As a crim law professor teaching first-semester 1Ls, it seems that a large part of my time is spent not just teaching the law, but advising, counseling, and hand-holding. All part of the territory, I know. But what to do when your students begin to ask you about study tips, or strategies for outlining, or asks your advice on job interviews? Usually I just mumble something about "be organized" and leave it at that. Not this year, though. No, this year I finally Have An Answer:
This slim volume, published by Aspen, is truly a lifesaver not just for the confused or anxious student but also for any 1L professor hoping to impart useful advice. Best of all, it's funny--a wry tone which is a cross between Miss Manners and Dennis Miller. My personal favorite part is the chapter discussing "Some Universal Truths" about law school, which includes etiquette hints like "Don't Be an Insufferable Braggart" and provides answers to such eternal questions as:
1) Does it matter where I sit in class?
2)If I really, really have to go to the bathroom during class, is it ok if I get up and leave?

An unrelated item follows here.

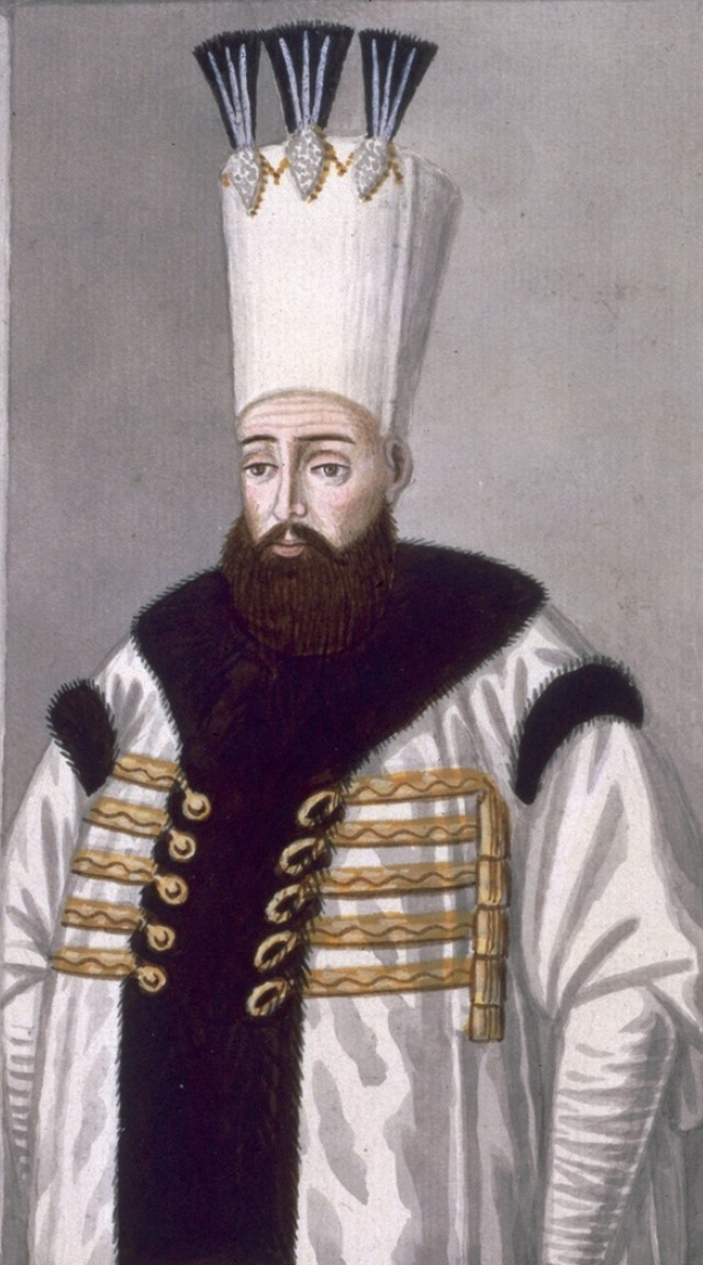 Portrait of Ahmed III, Sultan of the Ottoman Empire (1703-1730). The portrait has been printed using the Giclée process.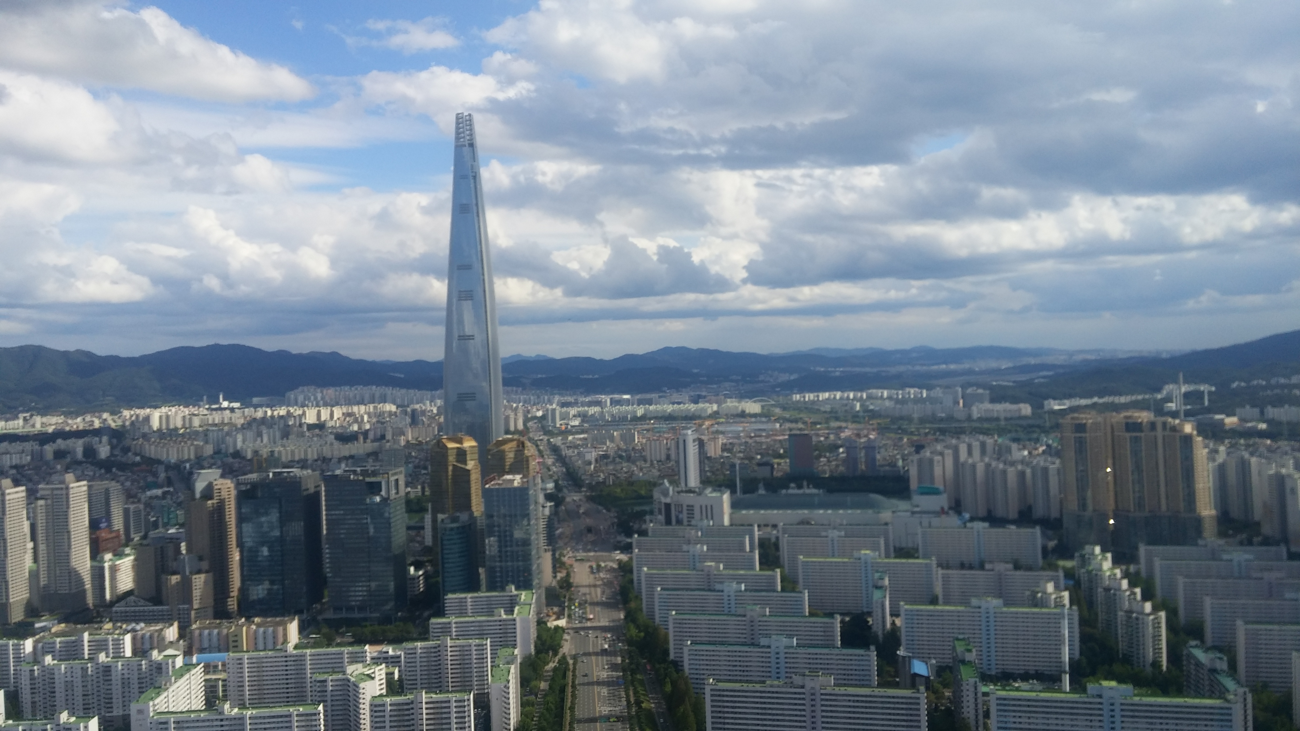 Lotte World Tower in September 2016. From the view of a helicopter.

3)What harm is there in surfing the web in class or IM'ing my friends if I'm bored?
In fact, my only caveat about this book is that it gives too sharp of a look into the reality of law school and law teaching--do I really want my students to be reading about "Favorite Law Professor Games" ? Probably not. But otherwise, this book would have been great to have when I was a student, both for the practical and intelligent advice and the gently humorous tone it uses to poke fun at most law school sacred cows.
I'll leave you with one last bit of advice from the authors:
"Beware that, when fighting monsters, you yourself do not become a monster . . . for when you gaze long into the abyss, the abyss gazes also into you." --Friedrich Nietzche
Nietzche, Miss Manners for Law School, How to Outline....this book has it all.